Epic battles, dice rolling and two sides with very different objectives in a race to rule Middle Earth or destroy the one ring.
What do you get?
Player cards, rules a large detailed map, dice and hundreds of moderately detailed miniatures.
How does it work?
This isn’t an easy game to explain in a few words. Looking for how to play videos you will find most reasonable ones are an hour or so long just to get you through the basics. The Fellowship is either trying to score 4 points, capturing enemy bases or the easier route is having the Fellowship deliver the ring into Mount Doom. Sauron is either trying to fully corrupt the fellowship or score 10 points taking over cities and strongholds. Players roll their special dice and then allocate actions to them, recruiting, moving, playing cards or special actions. Once all dice are spent, a new round is begun and you repeat this process until one side has won.
Is it any good?
War of the Ring is really good. The first game is quite slow and there are a lot of moments where you need to question did things go accordingly but that is the nature of big games with a lot of moving pieces. Jumping ahead, there are two expansions, Lords and Warriors. Lords is a superb welcome add-on and Warriors is terrible. Warriors we found took away from the dice mechanic, engaging in the actual narrative and playing the game. It became an exercise in reading. Lords on the other hand adds some really nice new cards, excellent leaders and just small welcome changes.
War of the Ring is a game that doesn’t get boring. If you feel the game is getting tunnel vision from the start, flip sides and it’s such a different experience, brilliant for both though.

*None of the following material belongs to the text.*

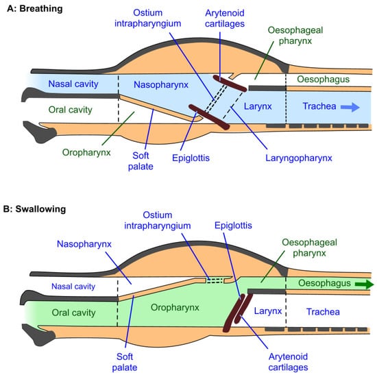 A schematic diagram of changes in pharyngeal function between the states of breathing and swallowing; derived from Cook [22] with permission. For clarity, the mouth is depicted as open and the oropharynx and oesophagus are shown as actual spaces, whereas, except during eating and drinking, the mouth is usually closed and the oropharynx and oesophagus are potential spaces only. (A) Breathing: Lowering of the soft palate seals off the oropharynx and enlarges the nasopharynx. The raised arytenoid cartilages close the oesophagus and open the larynx. The lowered epiglottis forms a seal with the soft palate. In this state, the larynx (the “button”) now fits snugly into the ostium intrapharyngium (the “buttonhole” of the pharynx). (B) Swallowing: The raised soft palate closes off the nasal cavity to prevent food and water from entering it. The arytenoid cartilages rotate down to open the oesophagus and prevent food and water from entering the larynx and trachea. Finally, the epiglottis rotates back over the arytenoid cartilages.

I still can’t quite decide if I like it or Rebellion more and they are quite comparable games. This is high praise but is warned, it’s not a short or casual game. This is a sterner experimental and game by game experience that you will learn to love. There is a balance in the dice rolling too. Luck plays a very small part in it and at the end you know if you played well or not. I conclude that War of the Ring is borderline a perfect game with a complex underlying belly.